By Hersch, with research assistance from Eric Barbour and Andreas Kolbe

At Wikipedia, any controversial topic will inevitably become an arena of combat between opposing teams of propagandists. Initially, there will be arguments on the “talk page,” which will then escalate to “revert wars” where the contestants simply rush to undo edits made by the other side. At this point it is likely to move on to “dispute resolution,” which typically consists of the most appalling assortment of sophistry, subterfuge, connivance, chicanery and intrigues, the sort of thing that makes trial lawyers and insurance claim adjustors look angelic by comparison. Over time, the article will gradually stabilize, as one team or the other gains the upper hand, and that team’s bias becomes more or less institutionalized as Wikipedia’s approved slant on the issue, or what has been called the “House POV” (“House Point of View”).

But it is important to realize that in these ideological battles, there is collateral damage.
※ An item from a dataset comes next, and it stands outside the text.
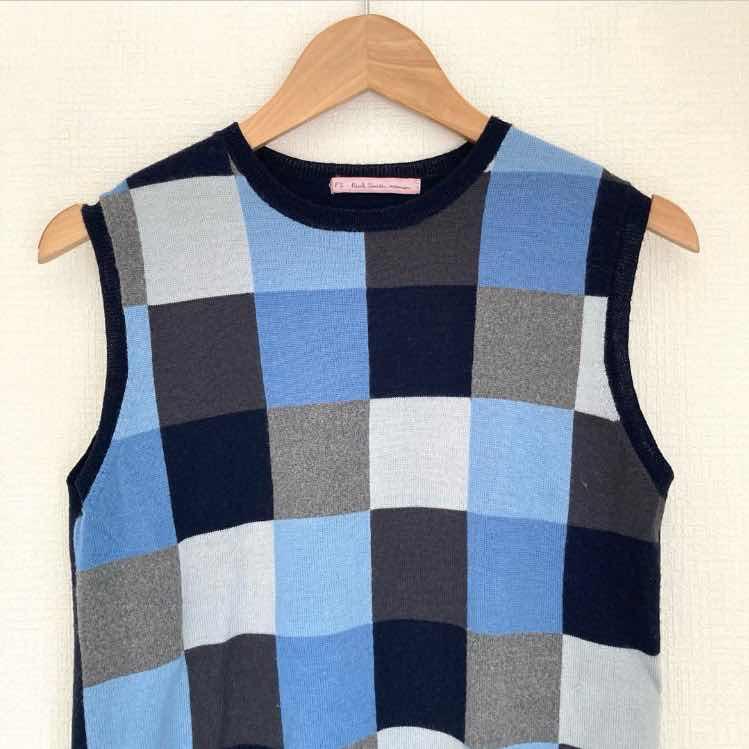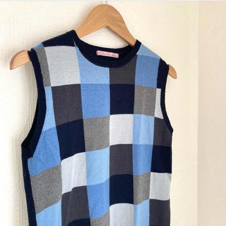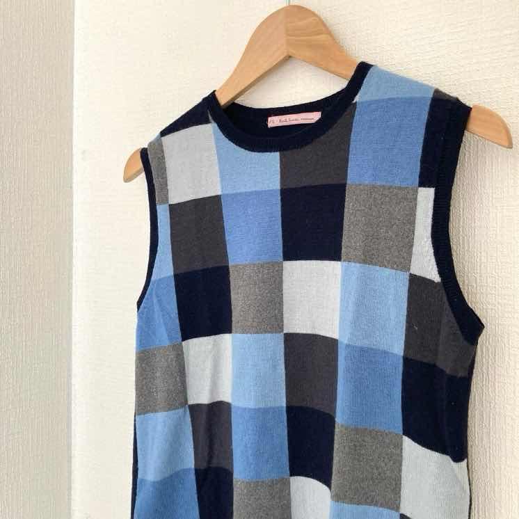 ポールスミス チェック ウール混 ベスト ジレ レディース モノグラム 丸首 M

Almost every Wikipedia article links to other articles; therefore, to gain supremacy over a controversial subject matter, the successful propagandist must control the linked articles as well. In practice, this means one must either puff up or discredit institutions, publications, and in particular, individuals that are associated with a particular controversial idea.




Let’s take as an example one of the more popular current controversies, that of Anthropogenic Global Warming (AGW), or Anthropogenic Climate Change, the theory that climate change is bad and is primarily caused by human activity. This theory is widely accepted, but is questioned by some scientists and others who are typically called “Climate change skeptics.” At one time, Wikipedia had an article called “Climate change skepticism”, but that ended last year. Instead, Wikipedia has an article entitled “Climate change denial”, which helpfully carries the implication that these skeptics are as morally reprehensible as Holocaust deniers. As the reader may suspect, these changes at Wikipedia were the consequence of more than a few fierce battles.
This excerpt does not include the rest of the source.